(Input begins)

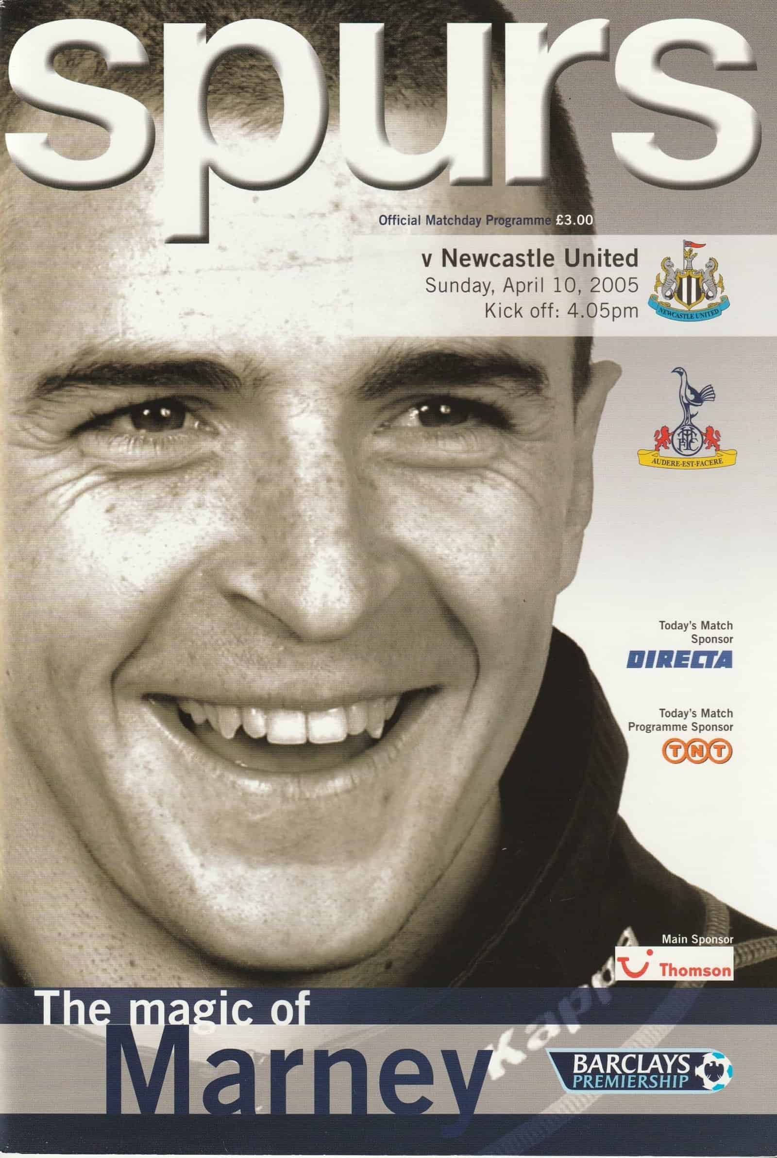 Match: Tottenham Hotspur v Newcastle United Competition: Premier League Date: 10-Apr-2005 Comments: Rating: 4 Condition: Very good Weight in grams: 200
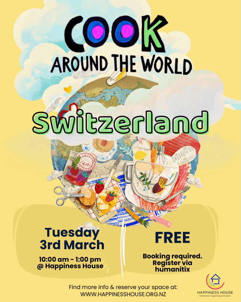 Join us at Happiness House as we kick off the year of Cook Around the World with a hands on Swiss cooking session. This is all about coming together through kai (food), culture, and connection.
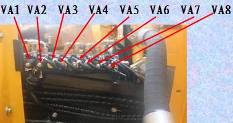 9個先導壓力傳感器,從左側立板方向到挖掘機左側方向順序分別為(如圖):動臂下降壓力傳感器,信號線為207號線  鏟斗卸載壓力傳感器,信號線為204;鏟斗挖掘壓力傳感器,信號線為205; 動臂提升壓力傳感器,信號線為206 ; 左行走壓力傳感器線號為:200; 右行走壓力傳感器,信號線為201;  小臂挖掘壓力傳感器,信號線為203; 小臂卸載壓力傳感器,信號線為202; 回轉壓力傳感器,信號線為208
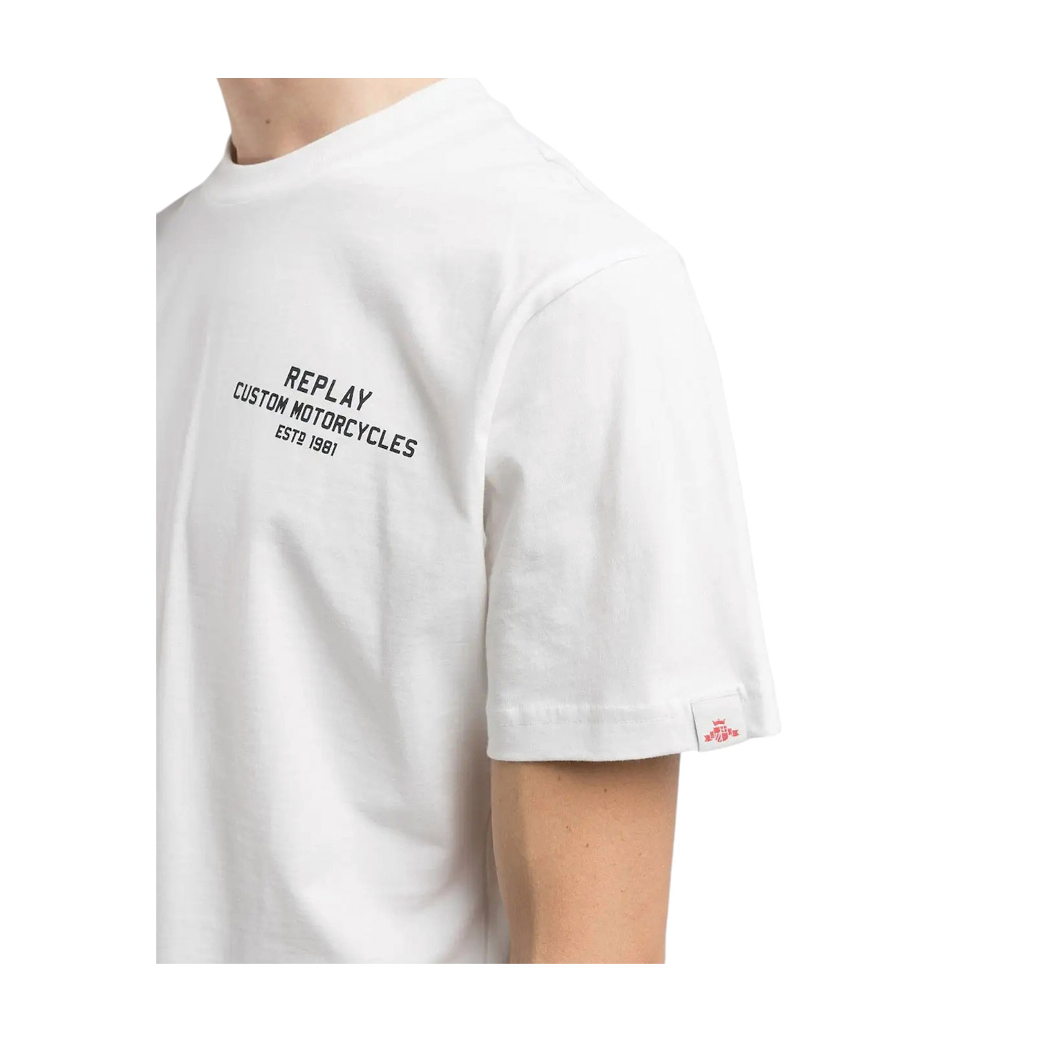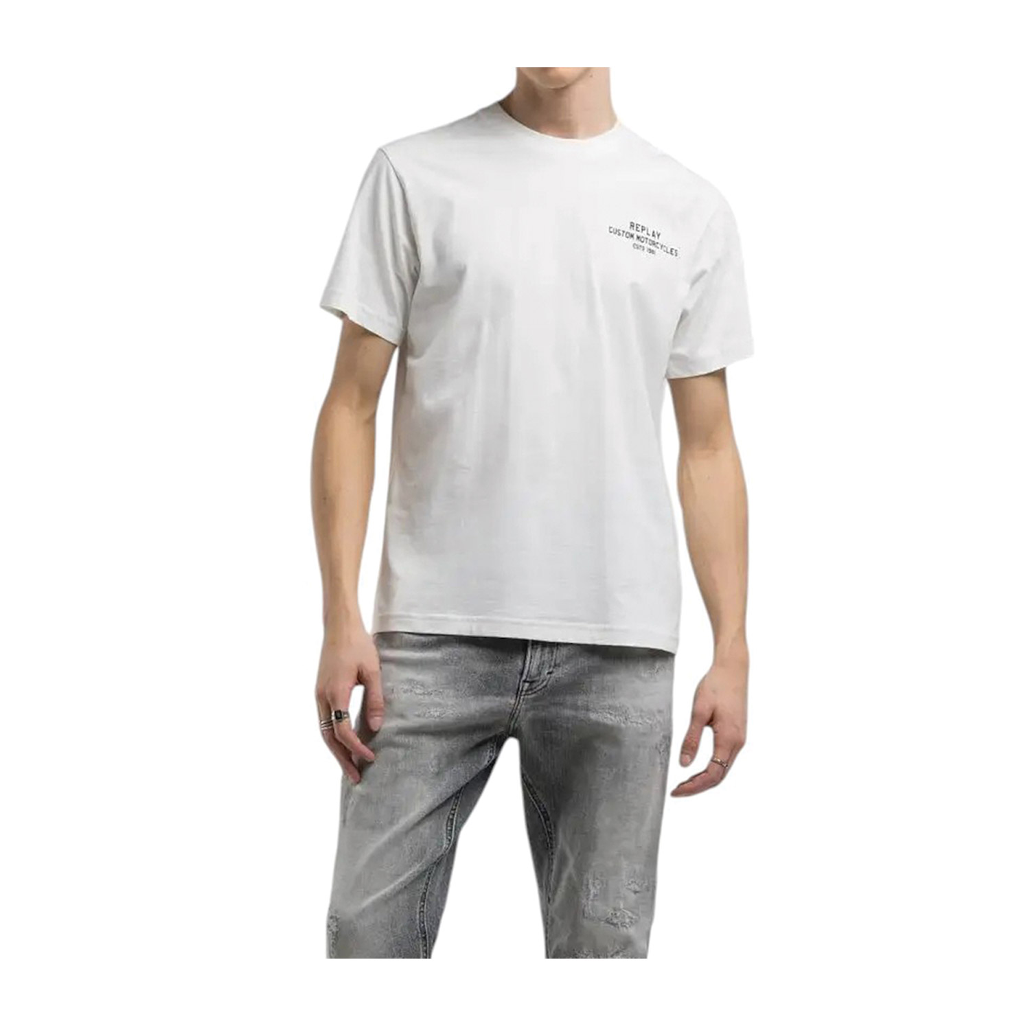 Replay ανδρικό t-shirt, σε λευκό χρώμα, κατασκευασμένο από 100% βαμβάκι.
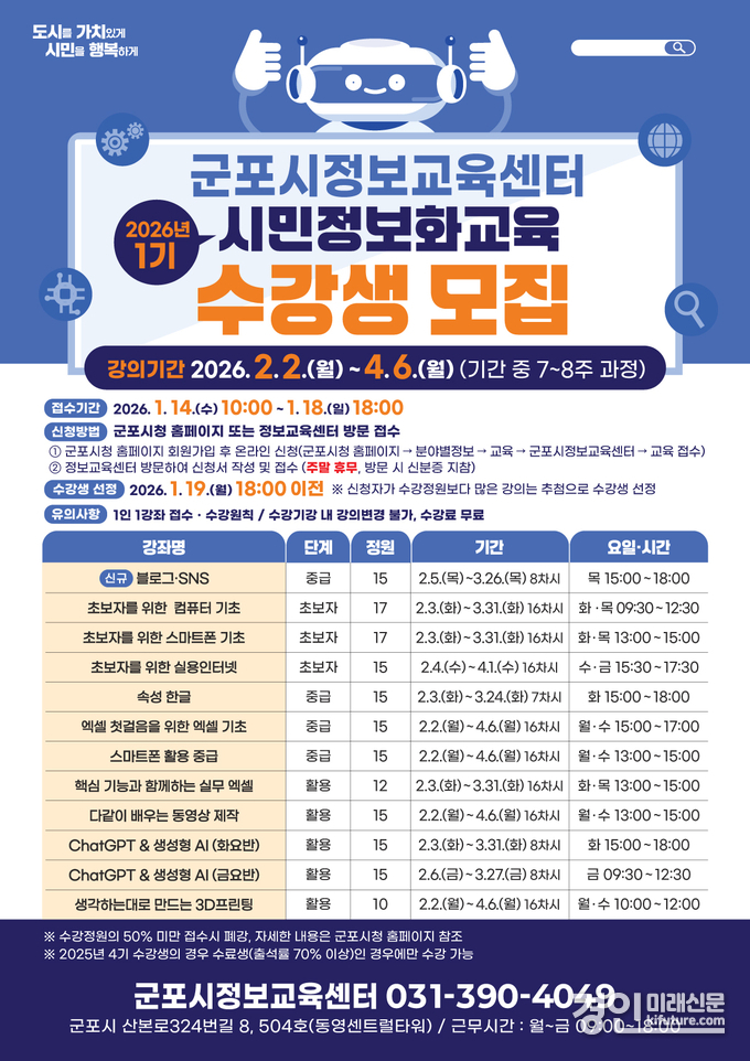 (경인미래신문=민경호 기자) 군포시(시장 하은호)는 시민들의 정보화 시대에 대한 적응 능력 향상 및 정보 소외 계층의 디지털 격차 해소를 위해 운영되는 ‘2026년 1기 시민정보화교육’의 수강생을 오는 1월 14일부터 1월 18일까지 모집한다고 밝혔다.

(Input ends)

Set down all of the data word for word; no pictures belong in it.

 Match: Tottenham Hotspur v Newcastle United Competition: Premier League Date: 10-Apr-2005 Comments: Rating: 4 Condition: Very good Weight in grams: 200
 Join us at Happiness House as we kick off the year of Cook Around the World with a hands on Swiss cooking session. This is all about coming together through kai (food), culture, and connection.
 9個先導壓力傳感器,從左側立板方向到挖掘機左側方向順序分別為(如圖):動臂下降壓力傳感器,信號線為207號線  鏟斗卸載壓力傳感器,信號線為204;鏟斗挖掘壓力傳感器,信號線為205; 動臂提升壓力傳感器,信號線為206 ; 左行走壓力傳感器線號為:200; 右行走壓力傳感器,信號線為201;  小臂挖掘壓力傳感器,信號線為203; 小臂卸載壓力傳感器,信號線為202; 回轉壓力傳感器,信號線為208
 Replay ανδρικό t-shirt, σε λευκό χρώμα, κατασκευασμένο από 100% βαμβάκι.
 (경인미래신문=민경호 기자) 군포시(시장 하은호)는 시민들의 정보화 시대에 대한 적응 능력 향상 및 정보 소외 계층의 디지털 격차 해소를 위해 운영되는 ‘2026년 1기 시민정보화교육’의 수강생을 오는 1월 14일부터 1월 18일까지 모집한다고 밝혔다.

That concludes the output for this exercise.